Scaling Considerations
naia is a single-process authority. Understanding its scaling envelope helps you right-size your server hardware and plan for growth.
What determines concurrency limits
- Bandwidth — each connected user consumes approximately
target_bytes_per_secof outbound bandwidth. At the default 512 kbps per user, a 1 Gbps uplink supports ~2 000 concurrent users if all users are actively receiving replication. Real workloads use far less due to priority-weighted allocation and scope filtering — entities outside a user’s scope send nothing. - CPU — the bottleneck is typically the send loop (priority sort +
serialization per connected user). Profile with
cargo bench --bench iai -p naia_benchto measure instruction counts per tick at your target entity and user counts. - Memory — Historian snapshot buffers are the dominant memory consumer on
servers with many entities.

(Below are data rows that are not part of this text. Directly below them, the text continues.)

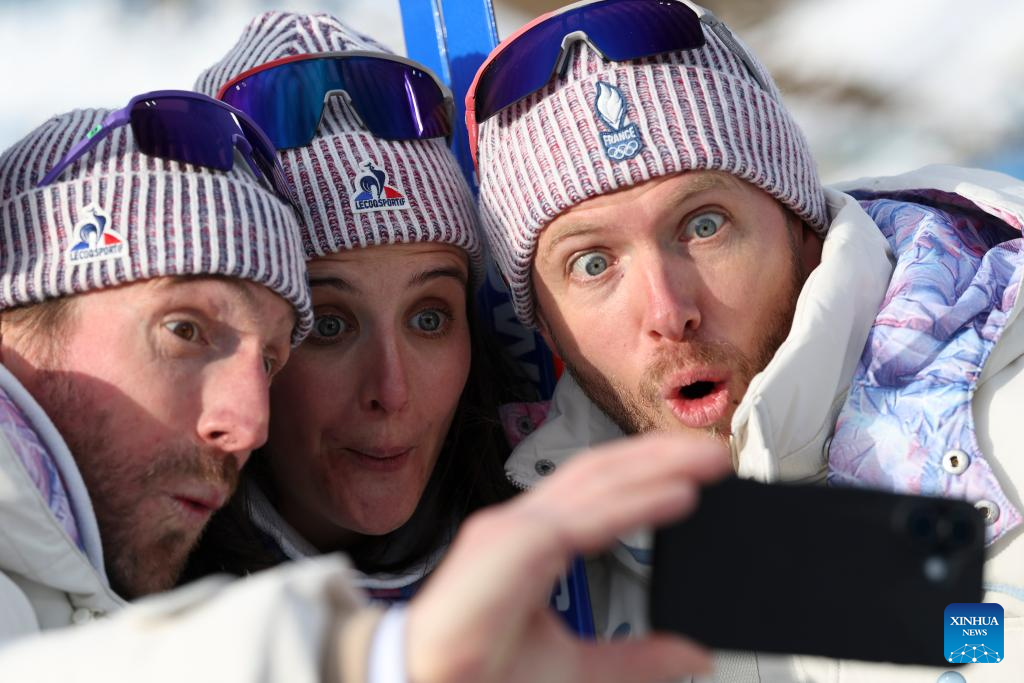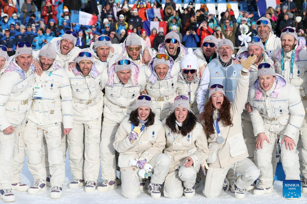 Members of France pose for a photo after the awarding ceremony of the biathlon women's 15km individual match at the Milan-Cortina 2026 Olympic Winter Games in Anterselva, Italy, Feb. 11, 2026. (Xinhua/Zhang Tao)
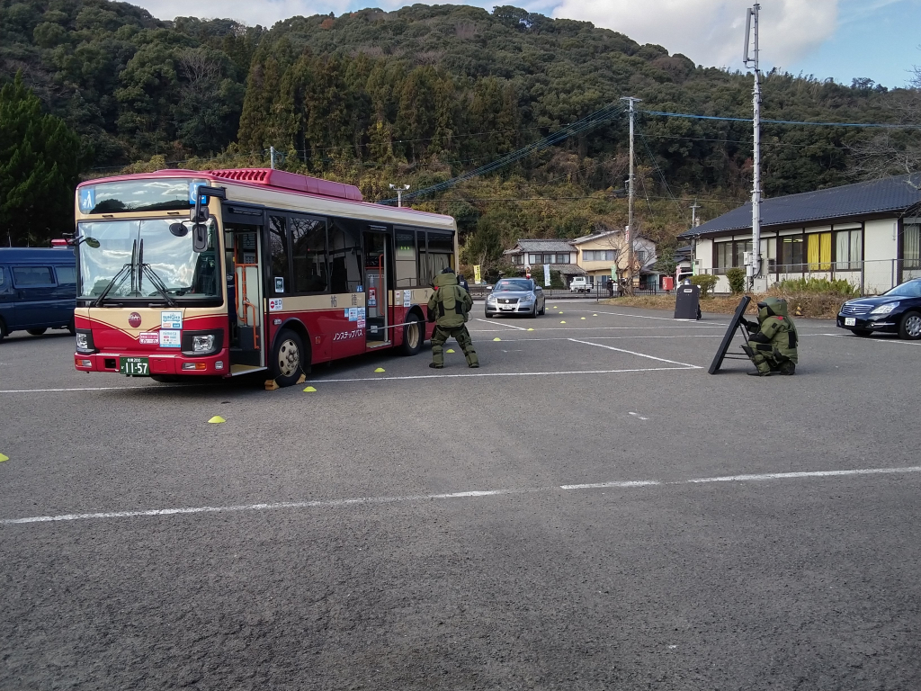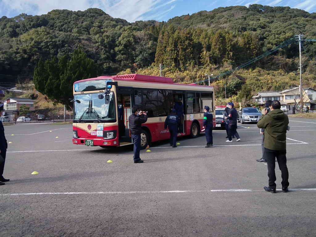 祐徳自動車株式会社と佐賀県鹿島警察署は、昨今、京王線、小田急線及び九州新幹線等など相次ぐ列車内での事件を受け、利用者が増える年末年始を前に、乗合バス内における不審者等に対する対処訓練を合同で実施しました。
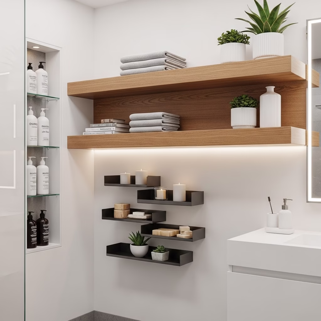 Gerade in kleinen Badezimmern ist die Wahl der Regale entscheidend. Schlanke Designs, klare Linien und zurückhaltende Formen unterstützen ein luftiges Raumgefühl. Weniger Volumen, mehr Wirkung.
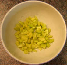 Пока помидоры тушатся, нарезать стебель сельдерея и зелень.
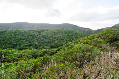 Naklejka premium 標高854mの八丈島最高峰、八丈富士の登山トレッキング。 八丈富士の山頂は大きなカルデラになっている。...
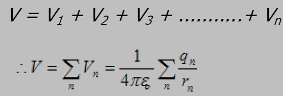يمكن باستخدام هذا القانون إيجاد الجهد الكهربي لنقطة تبعد عن شحنة أو أكثر عن طريق الجمع الجبري عند النقطة المراد إيجاد الجهد الكلى عندها أي للجهد الكهربي الناشئ عن كل شحنة على حده
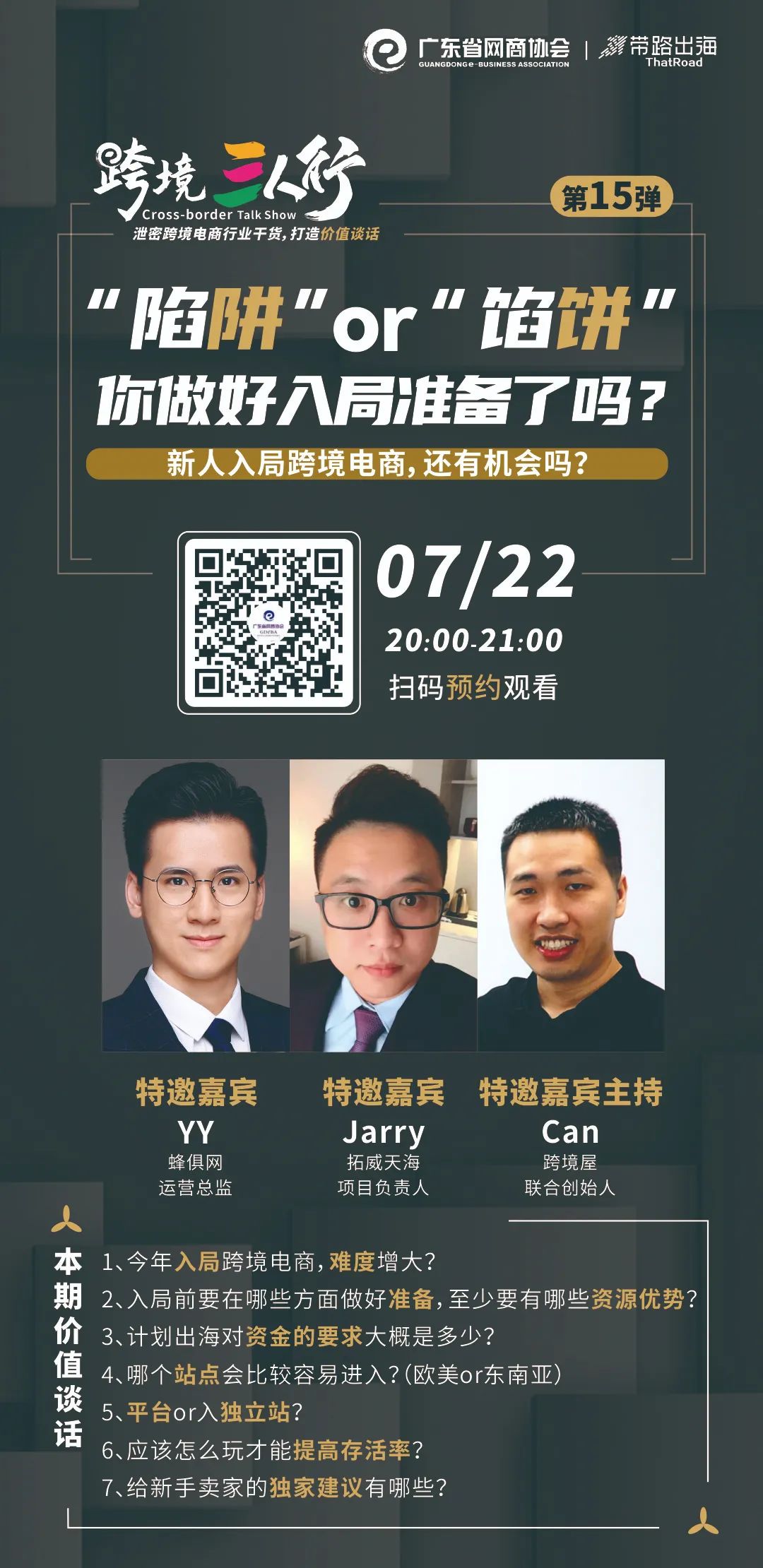 明晚(7月22日)20:00,來(lái)廣東省網(wǎng)商協(xié)會(huì)直播間,由三位真實(shí)跨境賣(mài)家現(xiàn)場(chǎng)直播,暢談從跨境小白到爆品操盤(pán)手的“血與淚”經(jīng)歷??梢話叽a進(jìn)去參與討論哦!

Use
enable_historian_filteredto limit snapshots to the component types you actually query.
Reducing per-user bandwidth cost
- Scope filtering — entities outside a user’s
UserScopeare never sent. A user seeing only 10% of the world’s entities uses only ~10% of the bandwidth of a user seeing everything. - Priority gain
0.0— entities with gain0.0are never selected by the send loop, even if they are in scope. Use this for temporarily invisible entities (fog of war, behind walls). - Static entities — map geometry sent once, never diff-tracked.

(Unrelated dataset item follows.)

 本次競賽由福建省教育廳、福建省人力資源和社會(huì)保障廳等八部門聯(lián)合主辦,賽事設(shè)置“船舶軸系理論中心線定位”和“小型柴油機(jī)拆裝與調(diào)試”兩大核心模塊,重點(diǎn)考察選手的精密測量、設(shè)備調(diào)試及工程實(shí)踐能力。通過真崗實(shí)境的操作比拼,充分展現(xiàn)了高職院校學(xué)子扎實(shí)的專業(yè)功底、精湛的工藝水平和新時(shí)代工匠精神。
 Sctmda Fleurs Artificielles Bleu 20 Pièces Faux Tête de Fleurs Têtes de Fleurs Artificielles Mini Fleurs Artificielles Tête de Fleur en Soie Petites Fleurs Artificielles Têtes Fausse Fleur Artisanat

- Quantized numeric types —
SignedVariableFloatencodes near-zero per-tick deltas in 3–4 bits vs 32 bits for a baref32. - zstd compression — reduces the wire size of fully-packed packets by 20–40% (default dictionary) or 40–60% (trained dictionary).
Horizontal scaling
naia is a single-process authority with no built-in cross-process state sharing. For games that need horizontal scaling, use zone sharding at the application layer:
Zone A server (naia process) Zone B server (naia process)
owns entities in region A owns entities in region B
│ │
└───── coordination service ────────────┘
(entity hand-off, cross-zone messages, matchmaking)

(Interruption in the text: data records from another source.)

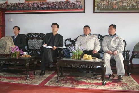 市工商局鄭金鐘副局長(右一)和工商聯王萍部長(左二)與總經理楊明波深入交談
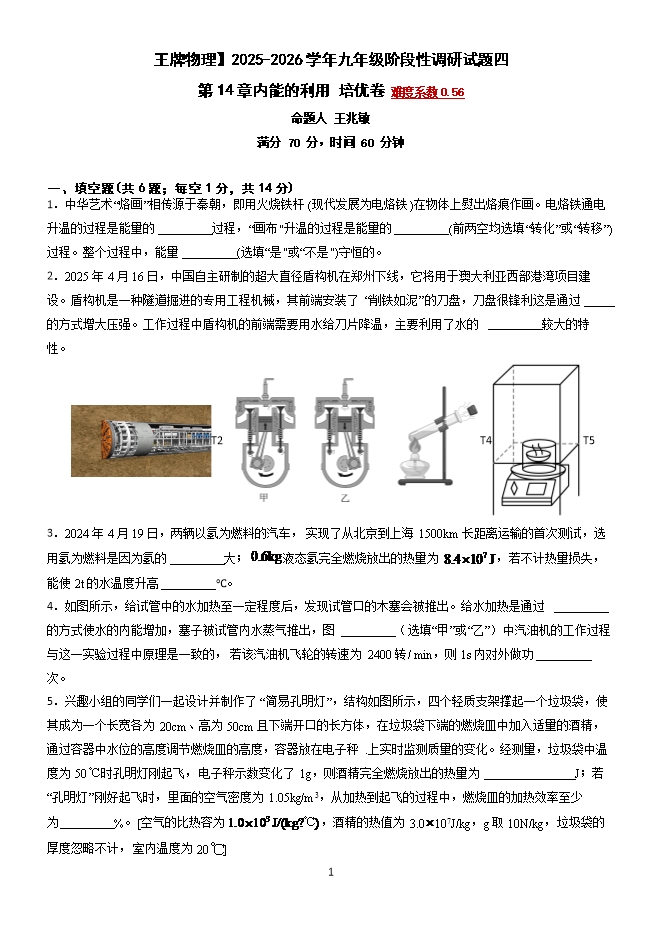【内容简介】第14章 内能的利用 培优训练--2025-2026学年九年级阶段性调研试题四(人教版)【王牌物理河南专版】
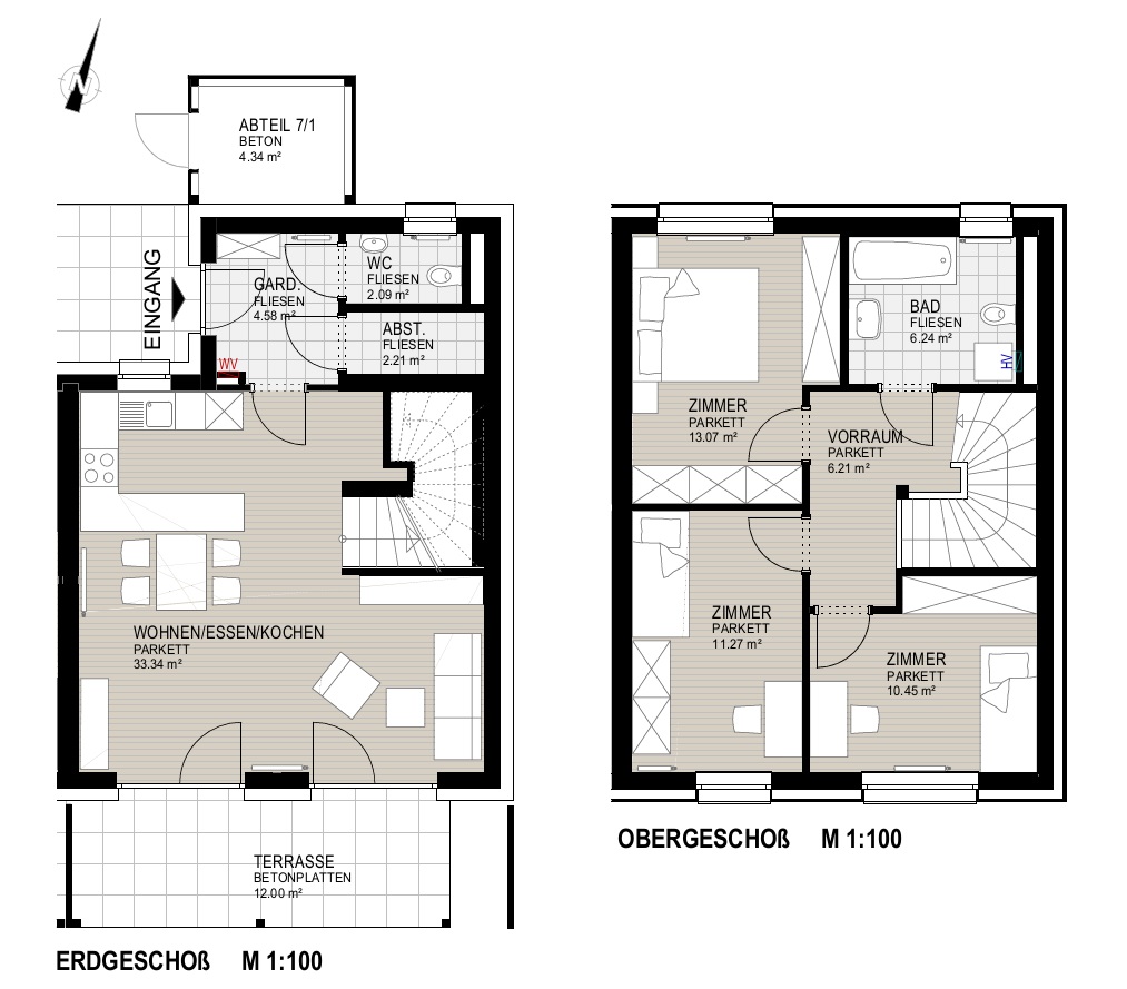 Garten, Garten, Kinderzimmer, Kinderzimmer, Abstellraum, Bad, Carport, Garderobe, Kellerersatzabteil, Schlafzimmer, Terrasse, Vorraum, WC, Wohnen/Essen/KücheStockwerk
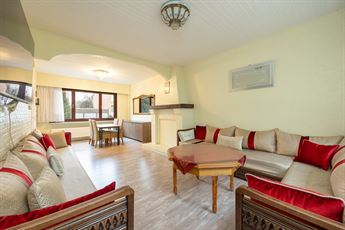 Je betreedt de woning via de inkomhal op retrotegel, met directe toegang tot het gastentoilet en links de ruime leefruimte. De kamerbrede ramen zorgen voor een overvloed aan natuurlijk licht in deze aangename woonkamer met salon en eetruimte. Aansluitend vind je de aparte keuken, voorzien van veel kastruimte, dubbele spoelbak, gasvuur, dampkap en betegelde wanden. Vanuit de keuken bereik je de zonnige, onderhoudsvriendelijke stadskoer. Achter de leefruimte bevindt zich de veranda — een ideale plek om te ontbijten of te gebruiken als tweede zithoek.

When a player moves between zones:
- Serialize the player’s replicated component state on the source server.
- Send it to the destination server via your coordination channel (Redis, gRPC, direct TCP — your choice).
- Despawn the entity on the source server (the client receives
DespawnEntityEvent). - Spawn the entity on the destination server and add the client to the new room.
See Entity Replication — Multi-Server / Zone Architecture for more detail.
Reference numbers (naia bench, native UDP)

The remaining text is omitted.